Ten years after Clark made his proposal, Stanley Lipshitz presented at the Audio Engineering Society's conference: 'It is my experience that, in the spotlight of blind comparative listening, many subtle audible differences are heard for what they are – rather subtle – whereas without such controls they often become exaggerated.
'Specialist audio cables, for example, have'become big business based on good advertising, good reviews and poor or non-existent science,' Lipshitz added.
Simply using an A/B/X console does not guarantee a fully blind test, however. In some experiments, the clunk that selected one source was louder: subjects suddenly became very good at telling the sources apart.

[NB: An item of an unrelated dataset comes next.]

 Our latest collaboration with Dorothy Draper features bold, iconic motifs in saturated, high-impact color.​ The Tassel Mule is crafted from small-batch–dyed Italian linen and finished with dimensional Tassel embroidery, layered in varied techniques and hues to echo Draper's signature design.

Although A/B/X tests need not have a time limit, one criticism levelled at them is that listeners are not necessarily equal. Familiarity counts for a lot.
Karlheinz Brandenburg of the Fraunhofer Institute pointed out at the Audio Engineering Society Convention in London this year that when, more than a century ago, audiences were first played a demonstration of a violinist recorded on a gramophone sitting behind a curtain, they could not tell the difference from a live performer.

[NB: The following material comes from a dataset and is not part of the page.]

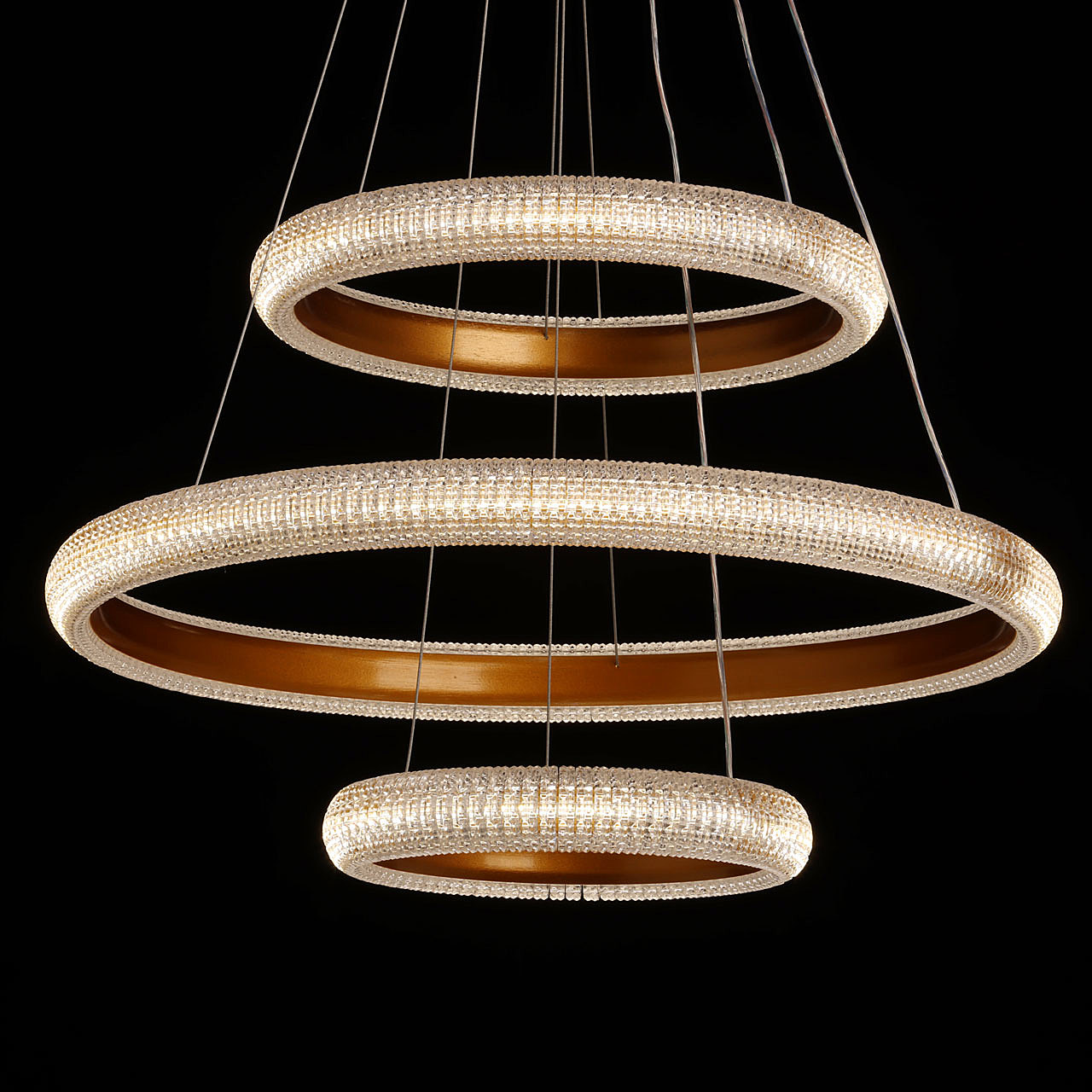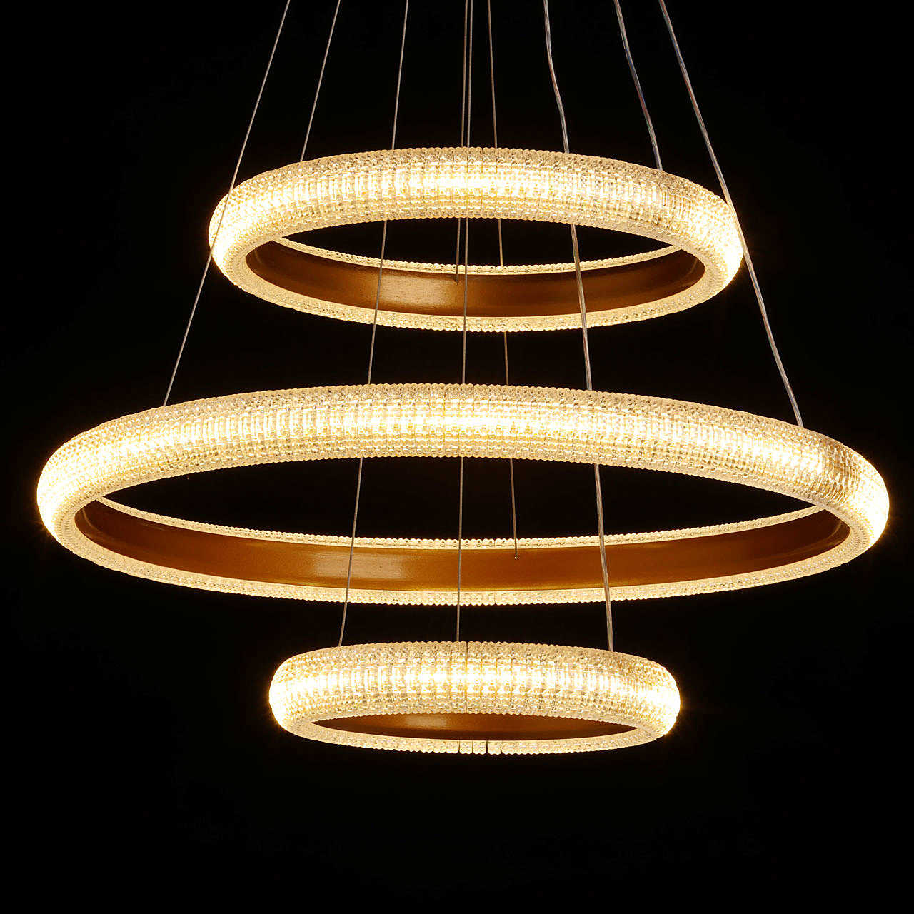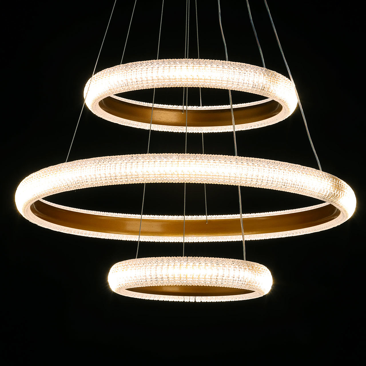 Акцентный плафон придает люстре уникальность, повышая ее привлекательность. Сочетание фактур глянцевого и матового золота придает люстре элегантности и стильности. Современный высокотехнологичный акрил эффектно преломляет свет, создавая игру бликов. Сочетание качественных материалов, оригинального дизайна и многофункциональности делает люстру превосходным выбором для, тех кто ценит стиль и эстетику в интерьере. Многорежимность освещения от 3000К до 6500К позволяет подобрать комфортную температуру света. Диммирование поможет выбрать необходимую интенсивность светового потока, а ПДУ обеспечит удобную эксплуатацию люстры. Светодиодные источники света экономичны и безопасны. Возможность устанавливать комфортную высоту.

'We adapt to what we hear,' Brandenburg said, pointing to the problems encountered by researchers working on binaural audio – used to simulate the sound of rooms and chambers on headphones. Binaural processing attempts to model the effect of the head and ears on the incoming sound using a head-related transfer function (HRTF).

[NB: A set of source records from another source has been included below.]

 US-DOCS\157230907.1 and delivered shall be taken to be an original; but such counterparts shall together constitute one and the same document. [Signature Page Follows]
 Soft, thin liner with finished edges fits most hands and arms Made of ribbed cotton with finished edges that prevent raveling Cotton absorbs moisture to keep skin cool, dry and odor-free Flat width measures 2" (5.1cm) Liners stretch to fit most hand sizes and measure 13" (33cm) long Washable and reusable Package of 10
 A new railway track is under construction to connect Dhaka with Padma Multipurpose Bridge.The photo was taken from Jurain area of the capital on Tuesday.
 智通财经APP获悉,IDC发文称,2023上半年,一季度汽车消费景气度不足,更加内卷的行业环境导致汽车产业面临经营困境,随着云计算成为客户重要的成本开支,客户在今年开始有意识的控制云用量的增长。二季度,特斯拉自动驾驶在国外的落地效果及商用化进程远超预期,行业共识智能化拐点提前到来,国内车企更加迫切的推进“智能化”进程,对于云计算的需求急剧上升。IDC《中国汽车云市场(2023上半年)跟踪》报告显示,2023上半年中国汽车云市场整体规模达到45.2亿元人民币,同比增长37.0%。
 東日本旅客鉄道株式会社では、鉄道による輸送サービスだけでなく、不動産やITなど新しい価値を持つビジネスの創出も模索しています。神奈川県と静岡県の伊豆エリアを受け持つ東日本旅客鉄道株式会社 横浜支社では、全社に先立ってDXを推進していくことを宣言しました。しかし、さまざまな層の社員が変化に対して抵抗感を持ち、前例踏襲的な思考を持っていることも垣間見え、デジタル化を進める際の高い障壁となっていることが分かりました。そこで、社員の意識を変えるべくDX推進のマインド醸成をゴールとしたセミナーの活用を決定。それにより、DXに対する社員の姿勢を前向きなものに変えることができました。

'People who worked on HRTF found it was getting better not because their work was better but their brain was improving.'
Brandenburg says science is still incomplete in terms of its understanding of how the brain processes sound. 'It's basic research that's needed for the next decade.'
Myth or high fidelity?
The audio world is full of myths and many of them have persisted for decades. Some have a grain of truth at their hearts; others seem to be utterly bizarre when considered from the perspective of what we know about physics. Can you tell which is which?
Many speaker manufacturers have helped make biwiring look more useful in improving audio quality than evidence from listening tests suggests by providing separate wiring posts for the woofer and tweeter. In the 1990s, audio equipment reviewer Tom Nousaine conducted A/B/X tests on biwired systems against conventional setups and found that listeners could not tell the two apart reliably.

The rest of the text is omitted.